• Instructions to follow:
Your task is to output the listing word for word, with pictures excluded.

• Data block:

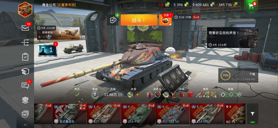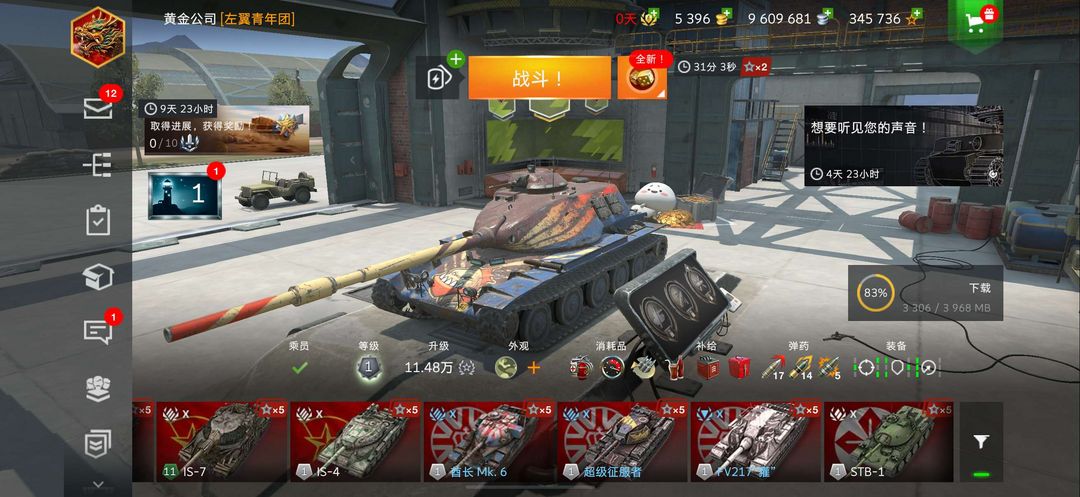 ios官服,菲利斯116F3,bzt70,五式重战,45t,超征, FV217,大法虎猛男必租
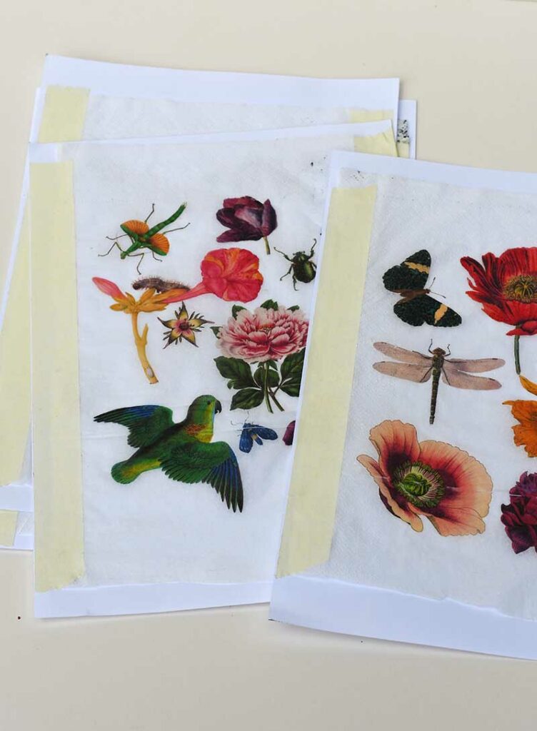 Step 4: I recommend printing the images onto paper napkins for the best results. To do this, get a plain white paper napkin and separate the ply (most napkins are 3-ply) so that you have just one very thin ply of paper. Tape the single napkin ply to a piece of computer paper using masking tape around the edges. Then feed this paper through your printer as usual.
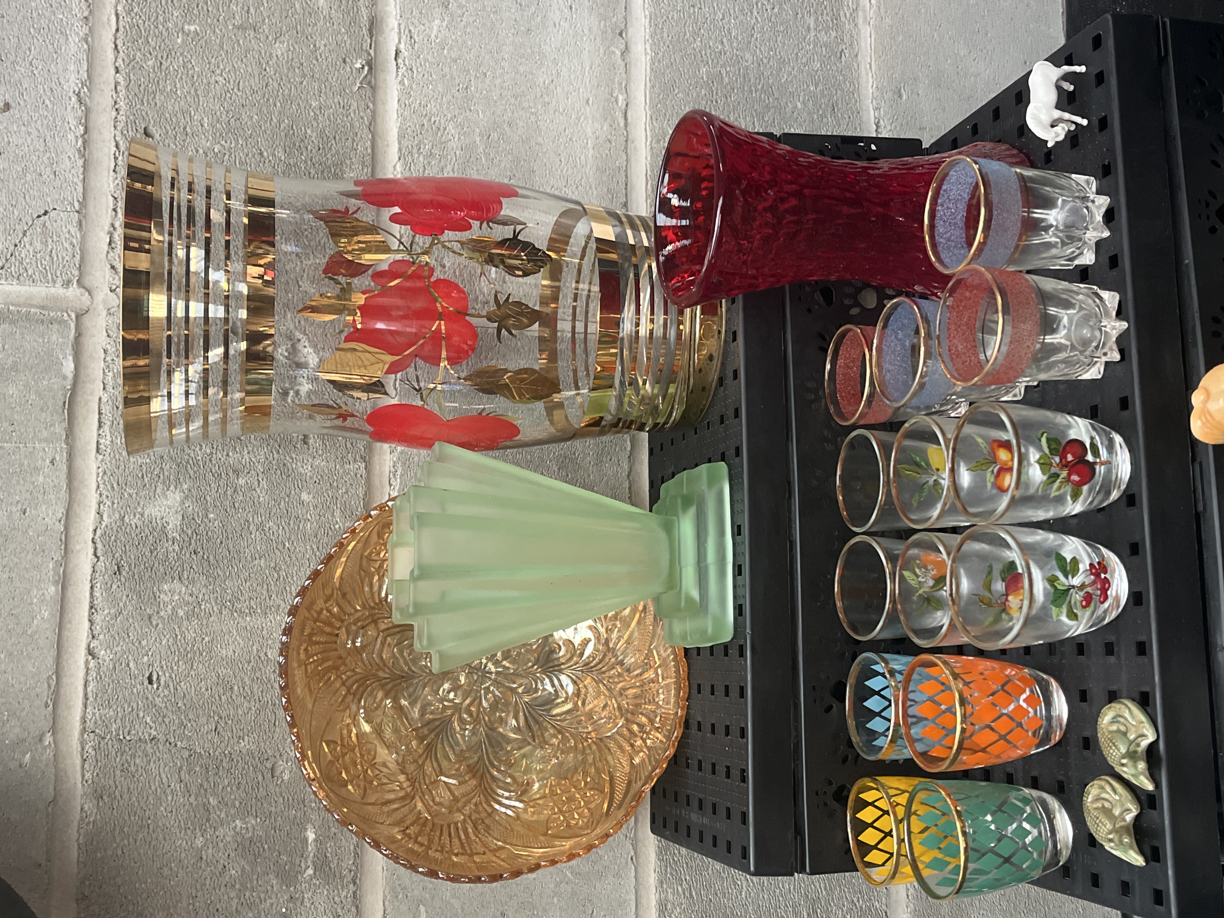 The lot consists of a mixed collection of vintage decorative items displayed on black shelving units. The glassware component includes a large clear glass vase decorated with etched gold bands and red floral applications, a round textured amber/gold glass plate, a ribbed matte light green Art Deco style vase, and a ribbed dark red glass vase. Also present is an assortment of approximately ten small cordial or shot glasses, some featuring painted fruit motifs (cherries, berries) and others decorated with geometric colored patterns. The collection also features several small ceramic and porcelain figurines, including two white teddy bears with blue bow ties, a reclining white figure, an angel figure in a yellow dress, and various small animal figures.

• Reply:
 ios官服,菲利斯116F3,bzt70,五式重战,45t,超征, FV217,大法虎猛男必租
 Step 4: I recommend printing the images onto paper napkins for the best results. To do this, get a plain white paper napkin and separate the ply (most napkins are 3-ply) so that you have just one very thin ply of paper. Tape the single napkin ply to a piece of computer paper using masking tape around the edges. Then feed this paper through your printer as usual.
 The lot consists of a mixed collection of vintage decorative items displayed on black shelving units. The glassware component includes a large clear glass vase decorated with etched gold bands and red floral applications, a round textured amber/gold glass plate, a ribbed matte light green Art Deco style vase, and a ribbed dark red glass vase. Also present is an assortment of approximately ten small cordial or shot glasses, some featuring painted fruit motifs (cherries, berries) and others decorated with geometric colored patterns. The collection also features several small ceramic and porcelain figurines, including two white teddy bears with blue bow ties, a reclining white figure, an angel figure in a yellow dress, and various small animal figures.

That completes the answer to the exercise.